Karla it apparently takes healthy couples an average of 6 months so don't panic that your on your 2nd cycle Hun! I'm on my 3rd.. Now i look back at body symptoms etc I think this might have been my first month ovulating too so if I didn't catch the egg I won't be too disheartened just need to keep telling ourself these types of things xxxx


----------



## KarlawithaK28

JackiePed said:


> Karla... did you test yet? How fun would it be to get a BFP at 8 dpo??? Yippee! Tell us what you discover -- but remember, if it's BFN...don't stress-- you still have LOTS of time this month before you have to count yourself out. :flower:
> 
> (Why isn't there an FX'd cartoon smiley on here??)

I TESTED THIS A.M AT 9DPO AND BFN.. I EVEN USED THE 6 DAYS SOONER FRER. MAYBE ITS BASED ON A 28 DAY CYCLE? IDK MINE WAS ONLY 26 LAST CYCLE.. IM BOUT TO PEE ON A OPK LOL AND SEE IF IT DETECTS ANYTHING.. I HAVE 1 IC AND 3 DIGIS LEFT TO TEST WITH SO THATS ONE A DAY IF I SKIP TOMORROW :thumbup: STILL HAVE CREAMY CM AND WET LIKE IM FLOWIN OR PEE'N BUT NOTHING BUT CREAMY CM.. IM STILL HOPEFUL!!:baby:


----------



## KarlawithaK28

BettyBoop152 said:


> It's positive mental attitude jackie!! Lol xxxx
> 
> Karla it apparently takes healthy couples an average of 6 months so don't panic that your on your 2nd cycle Hun! I'm on my 3rd.. Now i look back at body symptoms etc I think this might have been my first month ovulating too so if I didn't catch the egg I won't be too disheartened just need to keep telling ourself these types of things xxxx

I THINK THIS WAS MEANT FOR FORMUNKY:winkwink:


----------



## BettyBoop152

Your right lol! Oooops xxxx


----------



## formunky

lol thanks :) hoping still that it is sooner rather than later :)


----------



## JackiePed

*sigh*...is it really only 7 dpo today??? Ugh. This is d-r-a-g-g-i-n-g!

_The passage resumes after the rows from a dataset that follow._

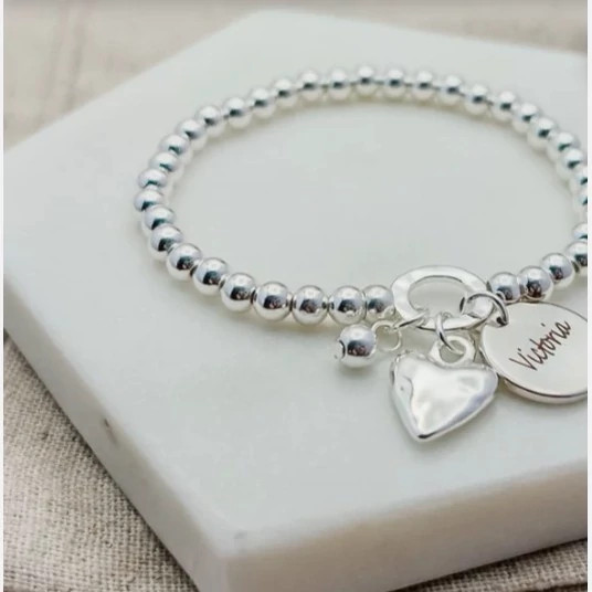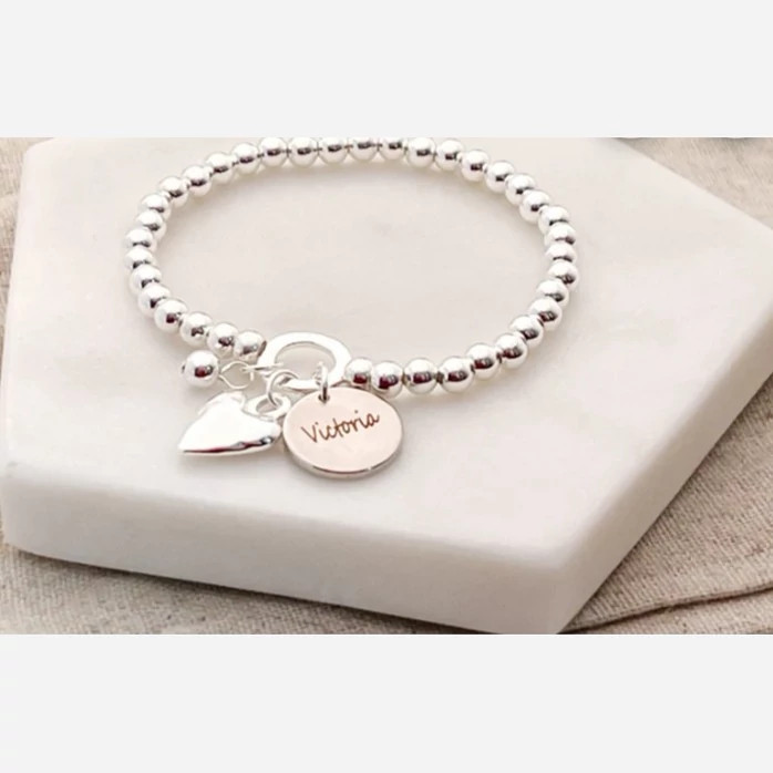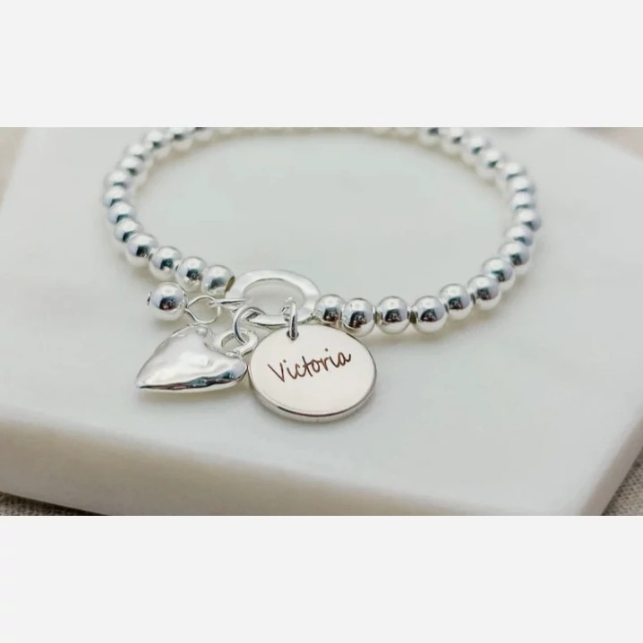 دستبند گوی و اویز حکاکی نقره بسیار زیبا همراه با اویز قلب سه بعدی دست ساز کلمه حکاکی شده در اویز دایره ای شکل دستبند بنا به درخواست شما مشتری عزیز انجام میشود کار شده با نقره عیار 925 ساخته شده توسط استاد ماهر در زمینه نقره سازی کار بسیار ترند و کاملا به روز مناسب استفاده برای خانم ها و دخترخانم ها وزن کار 17 گرم
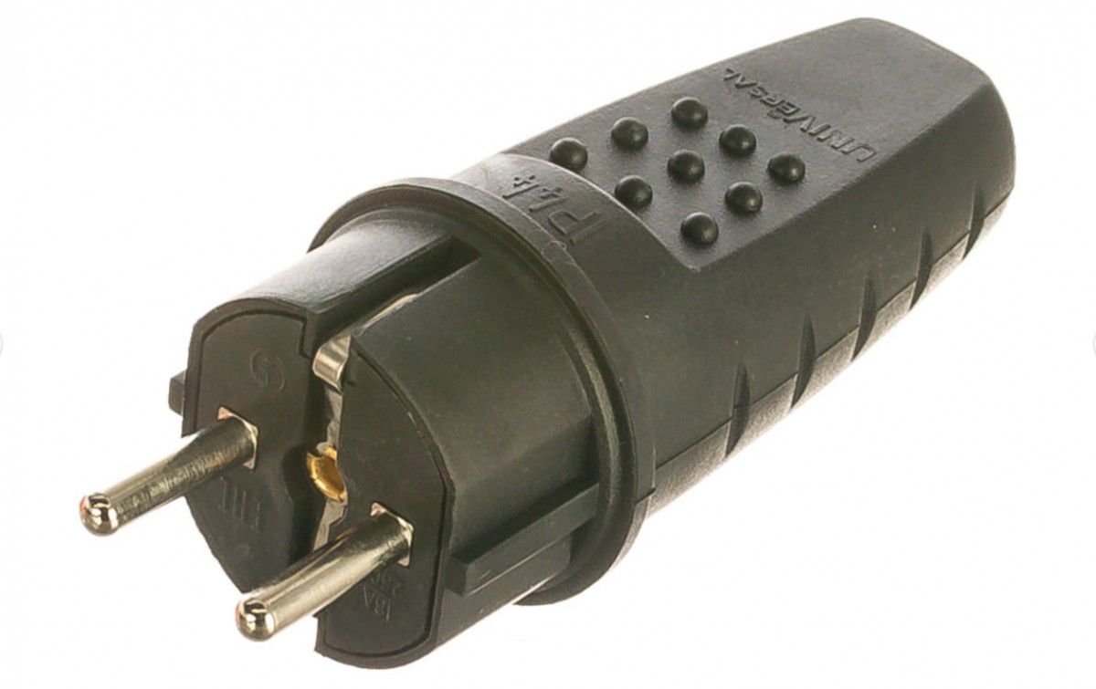 Вилка электрическая прямая однофазная 16А 250В IP44 с заземлением каучук еврослот UNIVersal 602227
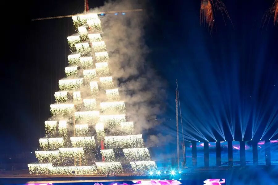 網(wǎng)幕動態(tài)焰火《一帶一路》,受到中外游客關(guān)注,3000平方米的網(wǎng)幕煙花再現(xiàn)“絲綢之路”的繁華,紅色絲雨、紫色蒲公英、金色麥浪……跳動的焰火輝映悅動的音符,傳承千年的瀏陽花炮在夜空為世界寫下最浪漫、最絢麗的情歌。
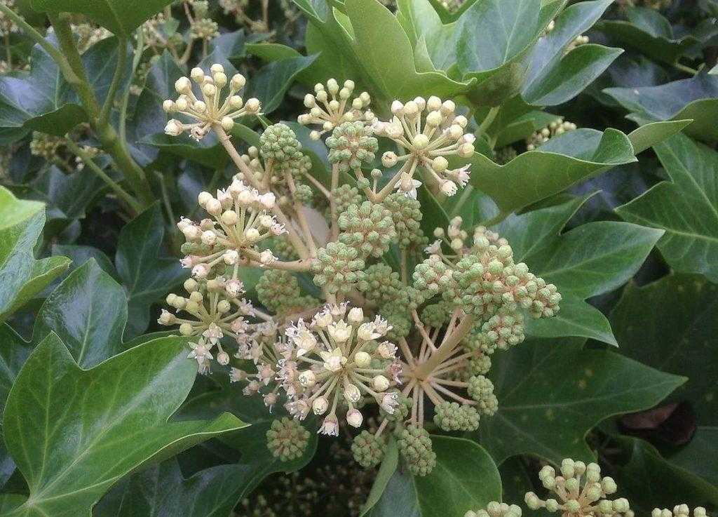 В конце августа — начале сентября на кустиках возникают соцветия в виде зонтиков с бутонами желто-зеленого или кремового оттенка. Если плоды появляются, то они выглядят в виде фиолетовых или синих ягод с несколькими семенами.
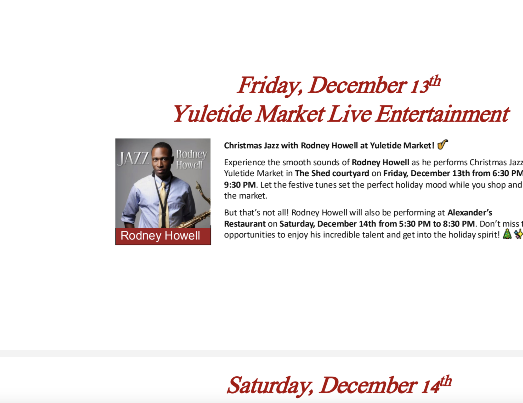 Experience the smooth sounds of Rodney Howell as he performs Christmas Jazz at the Yuletide Market at The Shed courtyard on Friday, December 13th from 6:30 pm to 9:30 pm. Let the festive tunes set the perfect holiday mood while you shop and enjoy the market.

On a good note, I've gotten up at 5 for the last 3 mornings and draggin' my booty to the gym...which is great because after my m/c in Sept I lost motivation to work out, and I PROMISED myself that this pregnancy will be a healthy, active, strong pregnancy. 

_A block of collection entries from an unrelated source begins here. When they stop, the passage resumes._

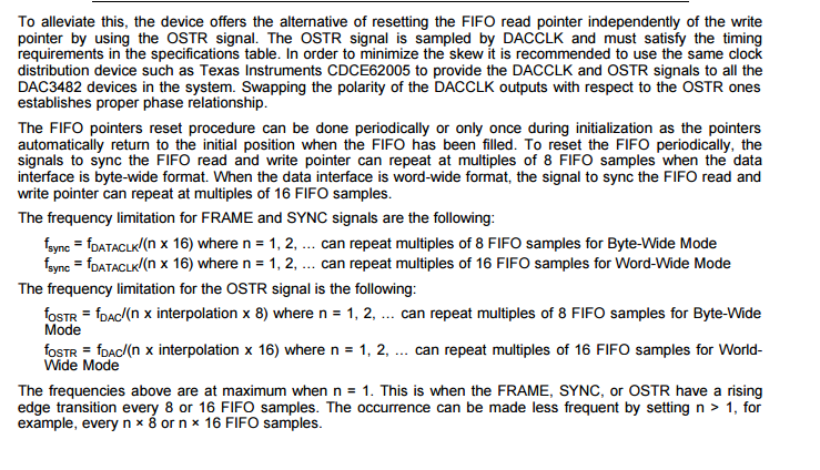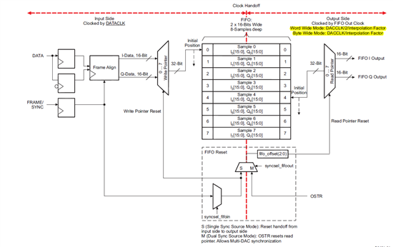下图是DAC3482 中描述FIFO模块的附图,想问下这里在字输入模式下,FIFO的输出时钟速率为什么是DACCLK/2/插值因子?
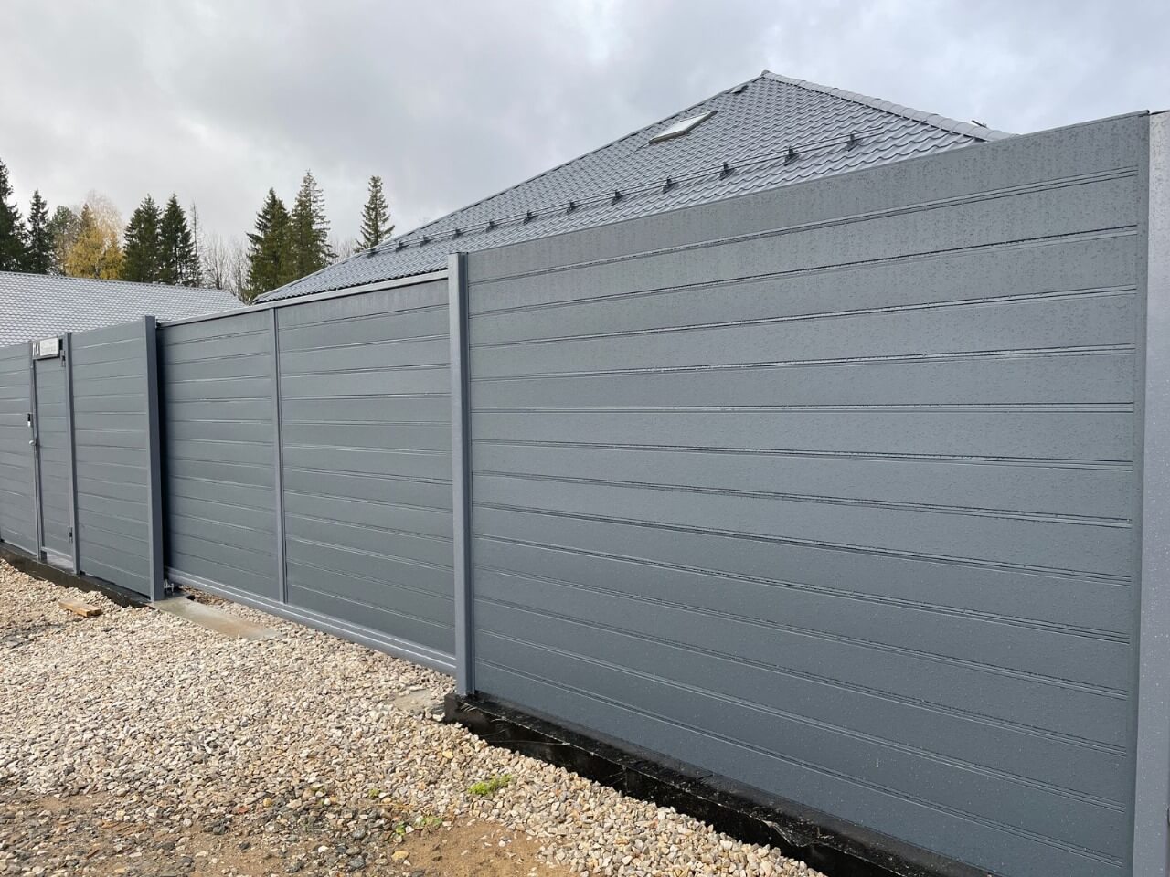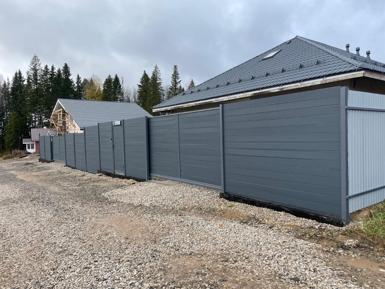 забор из металлопланкена с входной группой
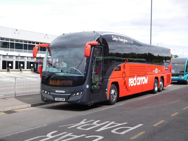 (YX65ZHR) is seen leaving the new bus station in Derby in August
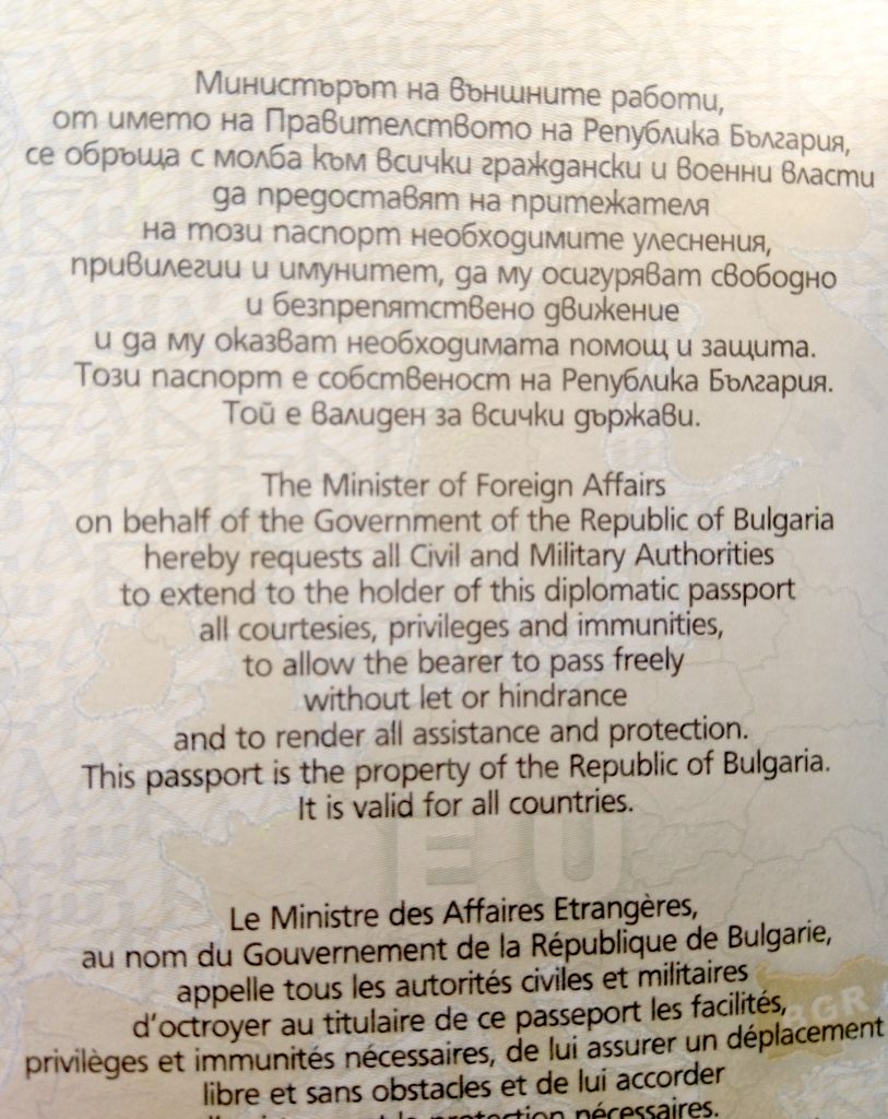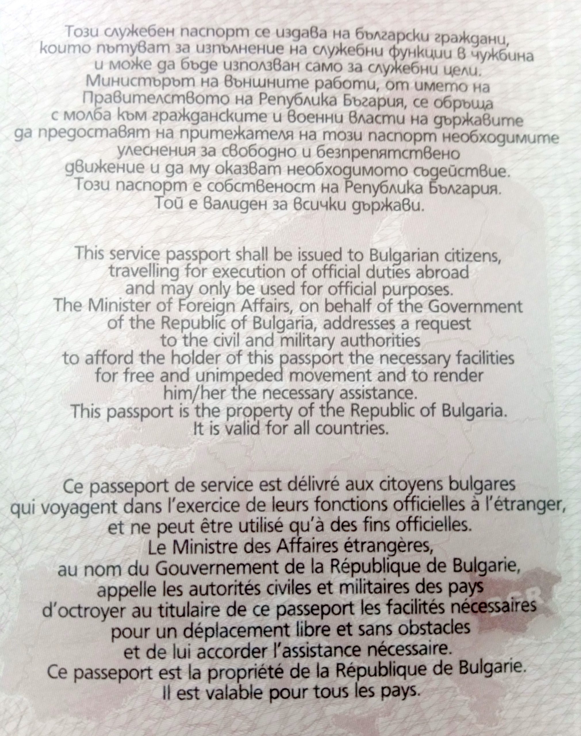Министърът на външните работи, от името на Правителството на Република България, се обръща с молба към гражданските и военните власти на държавите да предоставят на притежателя на този паспорт необходимите улеснения, привилегии и имунитет, да му осигуряват свободно и безпрепятствено движение и да му оказват необходимата помощ и защита.

SO... these steps are good. If I'm pg this month, I'm off to a good start...and if I'm not pg this month, well, then I have extra time to keep the habit!


----------



## BettyBoop152

JackiePed said:


> *sigh*...is it really only 7 dpo today??? Ugh. This is d-r-a-g-g-i-n-g!
> 
> On a good note, I've gotten up at 5 for the last 3 mornings and draggin' my booty to the gym...which is great because after my m/c in Sept I lost motivation to work out, and I PROMISED myself that this pregnancy will be a healthy, active, strong pregnancy.
> 
> SO... these steps are good. If I'm pg this month, I'm off to a good start...and if I'm not pg this month, well, then I have extra time to keep the habit!

Fantastic!! It's great being healthy I started boxing for a while with circuit training but after I started back at college (part time as well as work) I figured I'm stretching myself enough do miss it though xxx


----------



## JackiePed

I've never been one to be like, "Ooooh I LOVE working out..." but I'm trying to push myself so that during and after this pregnancy, my body feels like I did something GREAT, not like I was run over by a train and looking deflated. 
I did fine with weight-gain on #1 and #2, lost it all in the first six weeks, but I did NOT look the same... looked heavier even though I wasn't, pale or greyish skin, flabby and wiggly...
Came from 2 pregnancies one on top of another eating whatever I felt like (which was often crap) and babying myself to the point of sloth-hood!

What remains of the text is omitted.